Rug pulled out for UM women

Basketball: Preseason signs pointed to a big year for Terps and an easy 500th victory for coach Chris Weller. Neither has happened.

March 01, 2002|By Katherine Dunn | Katherine Dunn,SUN STAFF

Heading into the 25th Atlantic Coast Conference Women's Basketball Tournament, Maryland isn't exactly positioned where the Terrapins had expected to be when the season opened.

After last season's late surge to an NCAA tournament bid, the Terrapins appeared ready to make their move in the ACC and on the national stage.

They returned six starters, including injury redshirt Vicki Brick, and 11 of 12 letter winners. They had a No. 23 preseason national ranking and were predicted to finish as high as third in the ACC.

Instead, the Terrapins (12-16) have struggled to a 4-12 ACC record and landed in a last-place tie with Florida State.

"It's just been a challenging year," said Terps junior guard Terri Daniels. "We've had some hard breaks and we've had some good wins. It's been difficult to lose when we were expected to do well. That's something we've had to learn from."

The Terrapins, who won the inaugural ACC tournament, had hoped to be a strong contender for the 25th anniversary crown. No women's team has won more ACC tournaments than Maryland, which has taken eight, the last in 1989.

To win it now, the Terps must do it as the eighth seed. No eighth seed has ever won. They will open at 6 p.m. tonight against seventh-seeded Wake Forest (12-15, 5-11) at Greensboro Coliseum.

Two-time defending champion Duke, the No. 4 team in the nation, is the overwhelming favorite, having swept all ACC competition this season. The Blue Devils (24-3) are seeded first, with North Carolina (22-7, 11-5) second.

Still, Maryland coach Chris Weller won't count her team out just yet. She said Maryland's problems have been "little things," not big, consistent breakdowns, so she sees possibilities in the tournament.

"It's been an odd year, with Wake beating Carolina and things like that," said Weller. "Duke, Virginia and Carolina have been very consistent. The rest of us have been up and down. Anything can happen [in the tournament], but that's usually the case."

Maryland's defense ranks second in the conference, allowing 64.8 points a game, behind Duke's 64.2. Seniors MarchM-i Strickland, a third-team All-ACC selection, and Deedee Warley, honorable mention All-ACC, have both passed the 1,000-career point mark.

For the Terps, Sunday's 65-47 loss at Wake Forest, a team they defeated, 57-46, at home in January, dropped them into last place with Florida State. Only a win over third-seeded Clemson broke the tie and boosted the Terrapins into the eighth seed. The highest team Florida State had beaten was sixth-seeded North Carolina State.

The Terps started off the season well enough, going 9-6 and 2-2 in the ACC with wins over Clemson and Florida State. When they won their first meeting with Wake Forest on Jan. 24, they were 10-9, but they managed just two wins over their last nine games.

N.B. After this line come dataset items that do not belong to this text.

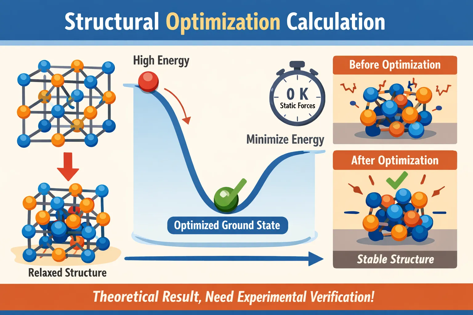 结构优化又叫结构弛豫(structure relax),是指通过对体系的坐标进行调整,使得其能量或内力达到最小的过程,与动力学退火不同,它是一种在0K下用原子间静力进行优化的方法。可以认为结构优化后的结构是相对稳定的基态结构,能够在实验之中获得的几率要大些(当然这只是理论计算的结果,必须由实验来验证)。
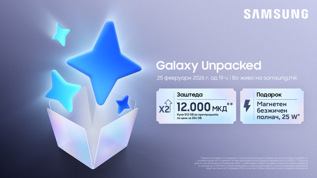Не ја пропуштајте шансата – регистрирајте се! Утре, на 25 февруари, светот ќе го види следното поглавје на мобилната интелигенција на настанот „Galaxy Unpacked“. „Samsung” ги повикува сите заинтересирани да бидат меѓу првите што ќе ги откријат овие новости. Регистрирајте се на линкот samsung.com/unpacked пред 25 февруари и како специјална поволност, при купување на еден од новите „Galaxy” уреди кои ќе ги видиме утре вечер, ќе добиете вреден ПОДАРОК: „Samsung“ магнетен безжичен полнач од 25W. Време е за
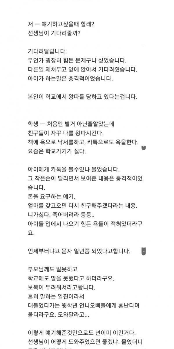[스압] 선생님 저 학교에서 왕따 당하고 있어요,,
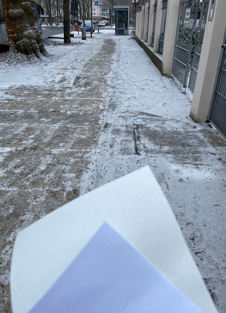 Nach einem neuen Rekord in der Kategorie „Welches Schulkind verlässt morgens die Wohnung zuletzt“ stellten L und ich beim Öffnen der Haustür fest, dass außer uns und dem Nachbarshund mit seinem Frauchen noch niemand draußen war. Wir hinterließen somit mit die ersten Spuren im frisch gefallenen Schnee.
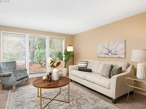 One level in desirable Reed neighborhood. Spacious living room with floor to ceiling windows leads to dining room with fireplace. Comfortable kitchen with updated white cabinets, wood-like laminate floors and roomy eating area with slider to covered patio and private yard. Good-size master with en-suite bath. Dedicated laundry room w sink and abundant storage, plus rare 2 car attached garage. New roof in 2011. Easy walk to Marigold Coffee and Bird + Bear restaurant; bike score 89, very bikeable. [Home Energy Score = 4. HES Report at https://rpt.greenbuildingregistry.com/hes/OR10187814]
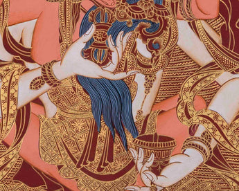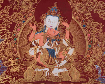 Red And Gold Vajrasattva Yab Yum Thangka | Wall Decor Painting
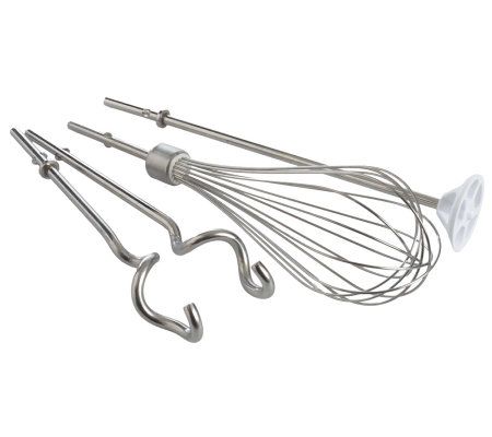 Includes hand mixer, turbo beater accessories, liquid blender rod, dough hooks, whisk, and accessory bag
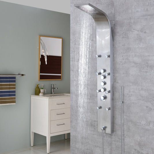SP22-CEC 61 in. 8-Jet Full Body Shower System Panel with Rainfall Waterfall Shower Head Hand Shower in Stainless Steel
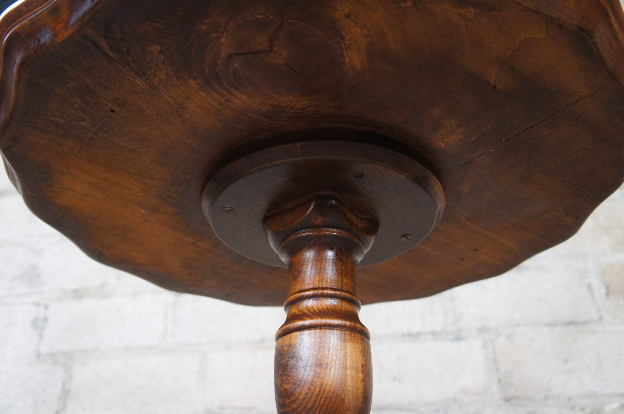 Vintage / Mid century two tier English Walnut dumbwaiter side table featuring serpentine pie crust edge with turned supports and Duncan Phyfe tripod style pedestal base with fluted and flared saber leggs and brass capped feet.
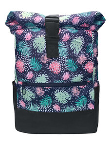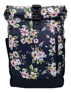 Tapple Černo-modro-šedý dámský rolovací batoh s květinami Bellinda
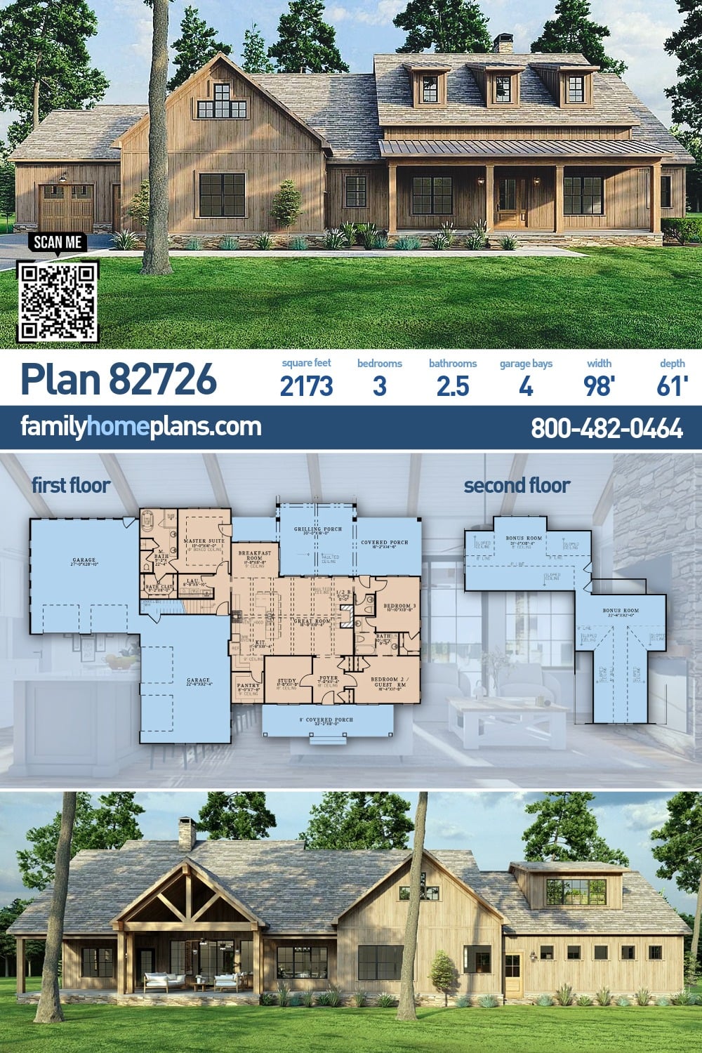 Craftsman Farmhouse Style House Plan 82726 with 2,173 Sq Ft, 3 Bed, 2.5 Bath, 4 Car Garage

Should the Terps beat Wake Forest, one of four ACC teams they split with during the regular season, they would advance to play North Carolina tomorrow.

That would be the only hope for Weller to reach what appeared early on to be an almost certain milestone - her 500th career victory.

She came into her 27th season as the Terps' head coach needing 14 wins to become the 21st coach in NCAA Division I history to reach 500 - and only the seventh to reach the mark while spending an entire career at the same school.

At 498-285, Weller would have to guide the Terps to the ACC semifinals to hit the milestone this season.

"It would be bittersweet, no matter what," said Weller, a Maryland graduate. "We were hoping we would have a better shot at going to nationals and it looks like we'll have to win the tournament to go."